What the exercise asks
Would you retype the listing word for word, skipping its pictures?

[[ Dataset content open ]]

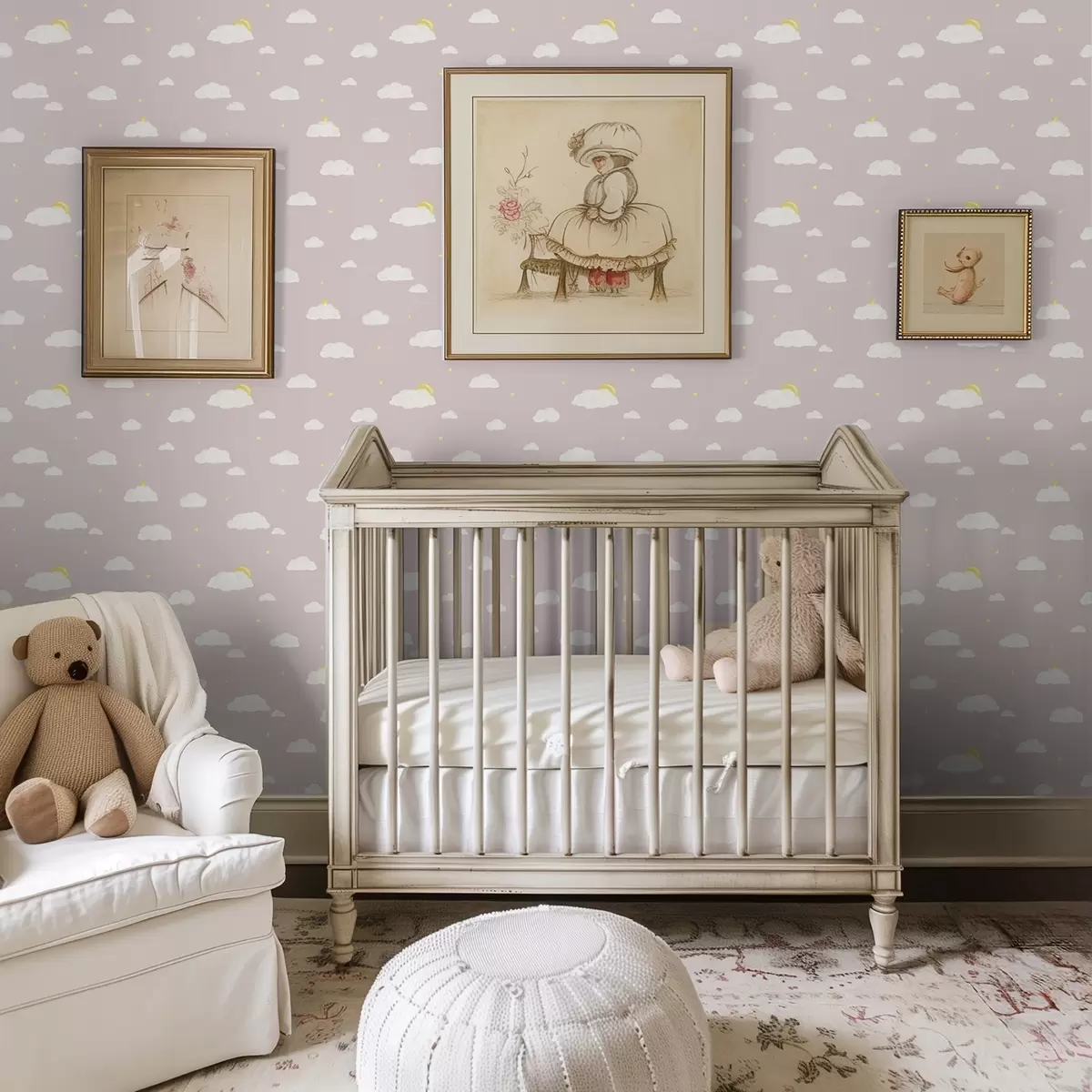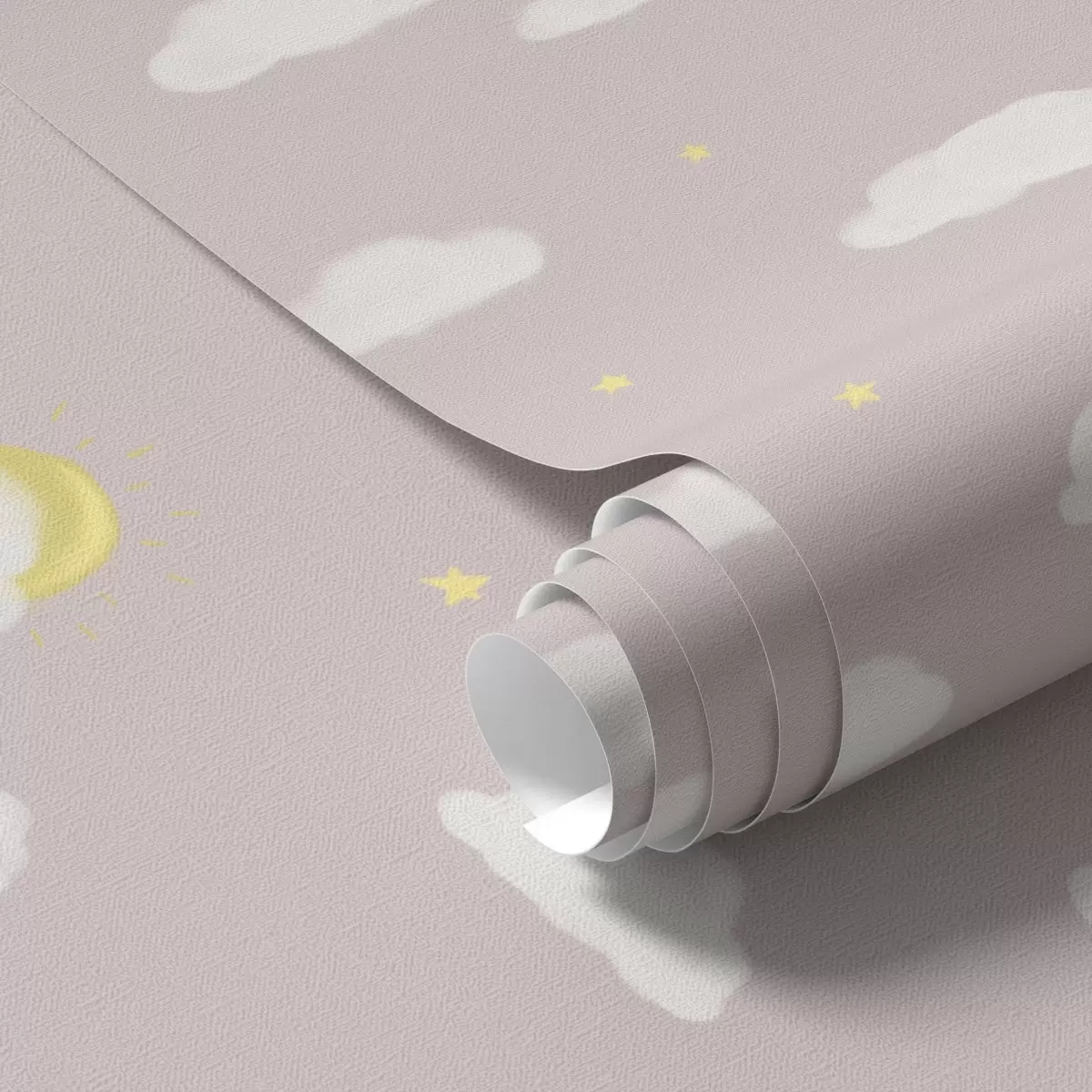 Papiers peints Nuages cotonneux, étoiles et soleil sur fond gris rosé Nr. a00652v2
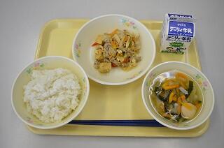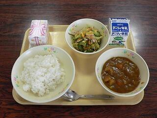 献立は、ポークカレー、りっちゃんサラダ、お祝いケーキでした。カレーは、豚肉の甘みとこくのあるルーが他の具材やご飯と絡んで、とてもおいしかったです。カレーの後味に、さっぱりさわやかなりっちゃんサラダもうれしかったです。卒業のお祝いに、ケーキが登場し、子どもたちも大喜びでした。
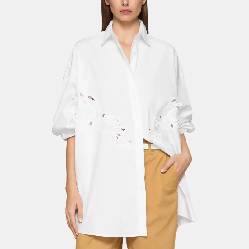 Dondup SS25 Длинное Платье с Длинными Рукавами Женское Белое
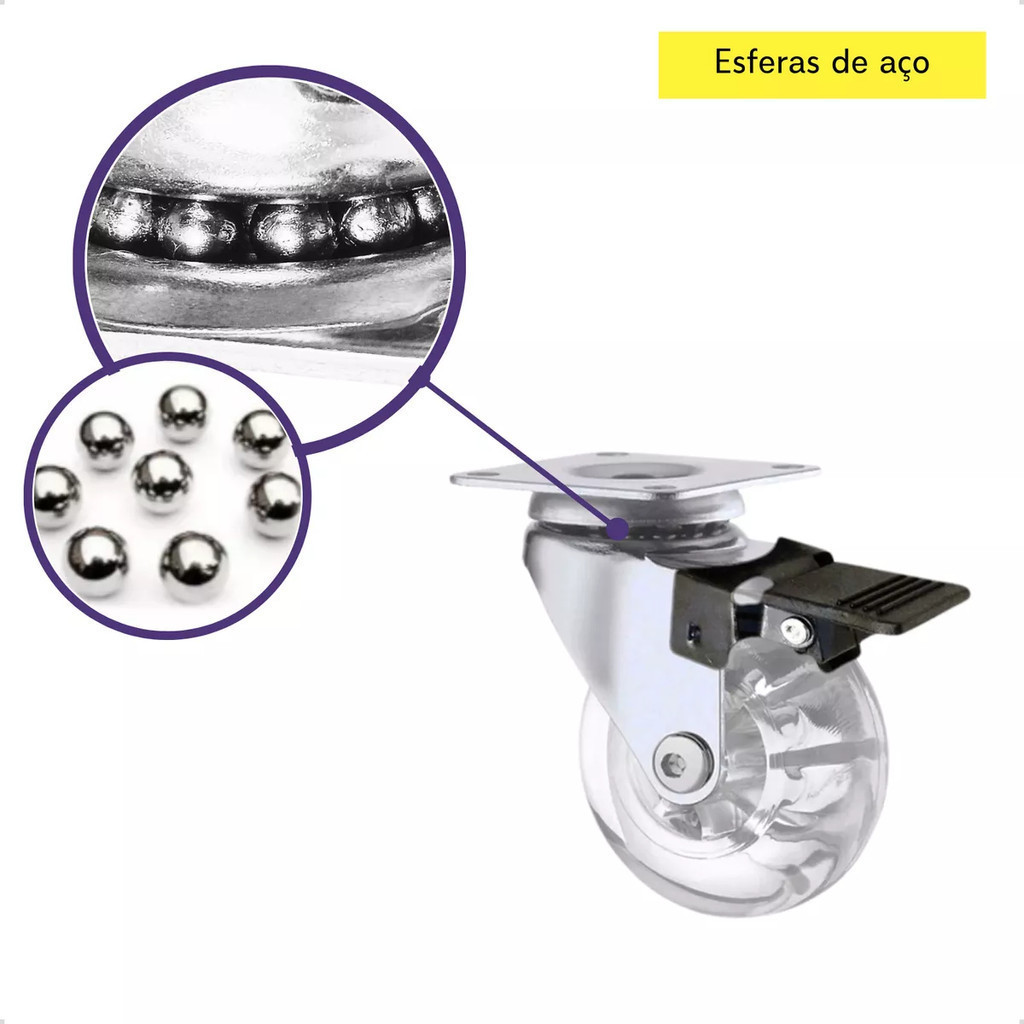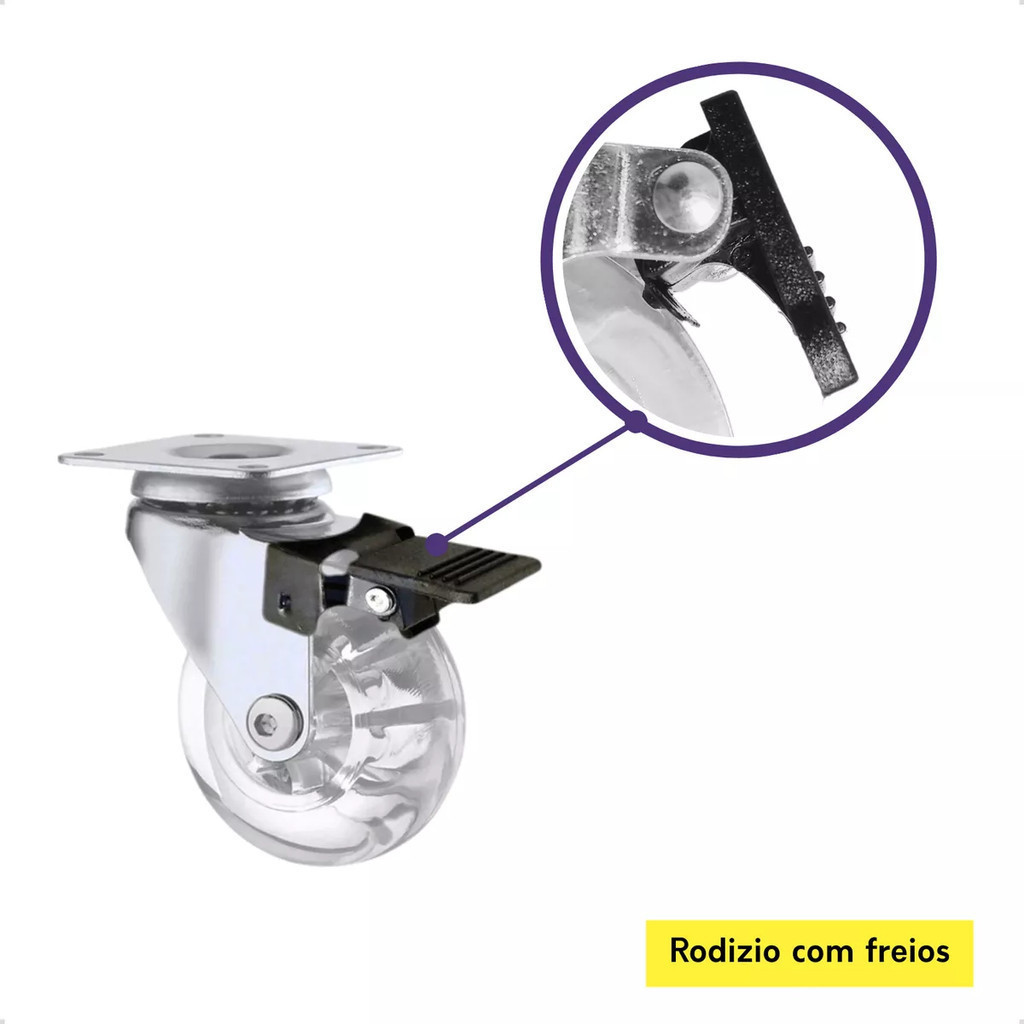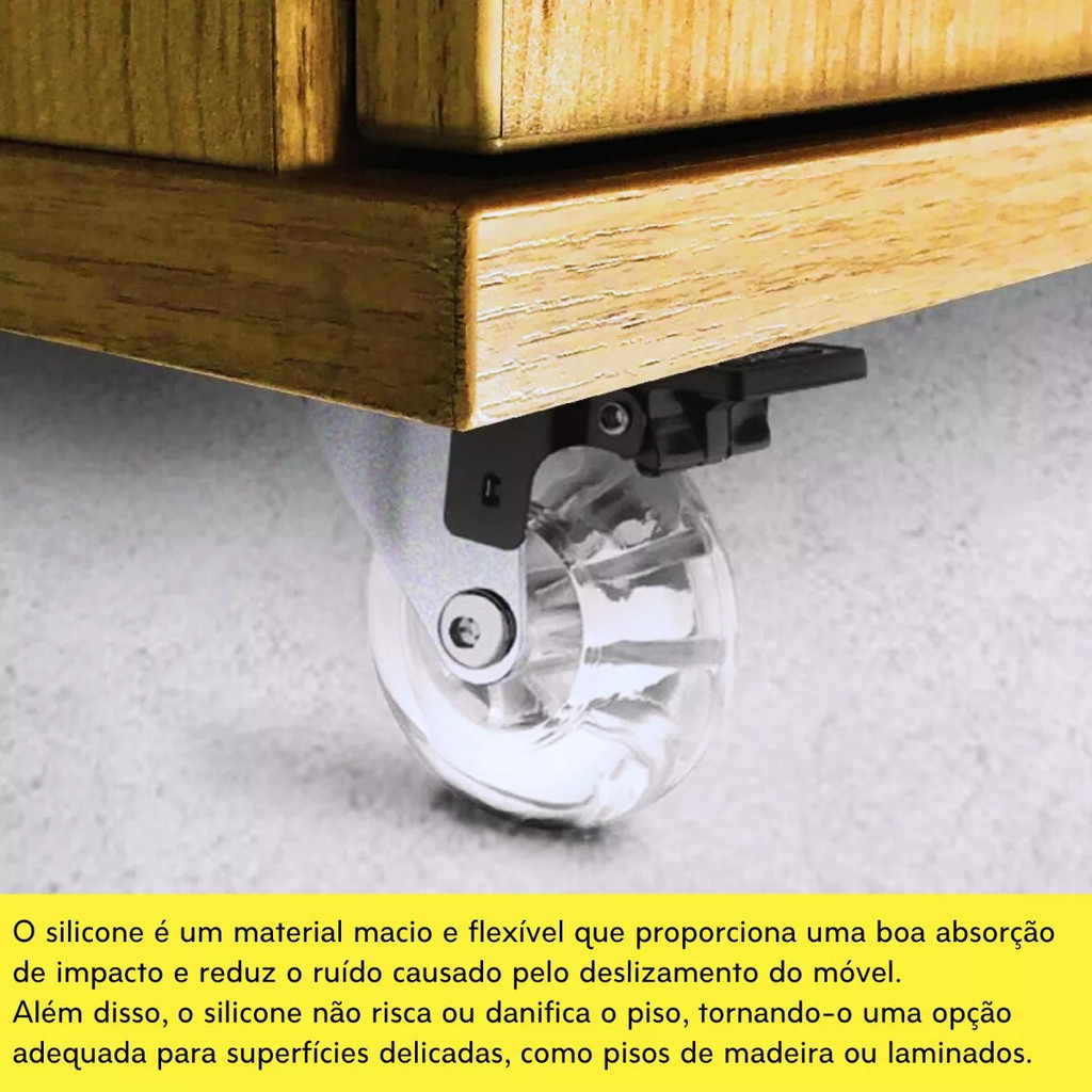 Rodinha 50mm Kit 4 Rodizio Silicone Giratório Gel Ante Risco Com Freio e Sem Freio

[[ Dataset content closed ]]

Output for this exercise
 Papiers peints Nuages cotonneux, étoiles et soleil sur fond gris rosé Nr. a00652v2
 献立は、ポークカレー、りっちゃんサラダ、お祝いケーキでした。カレーは、豚肉の甘みとこくのあるルーが他の具材やご飯と絡んで、とてもおいしかったです。カレーの後味に、さっぱりさわやかなりっちゃんサラダもうれしかったです。卒業のお祝いに、ケーキが登場し、子どもたちも大喜びでした。
 Dondup SS25 Длинное Платье с Длинными Рукавами Женское Белое
 Rodinha 50mm Kit 4 Rodizio Silicone Giratório Gel Ante Risco Com Freio e Sem Freio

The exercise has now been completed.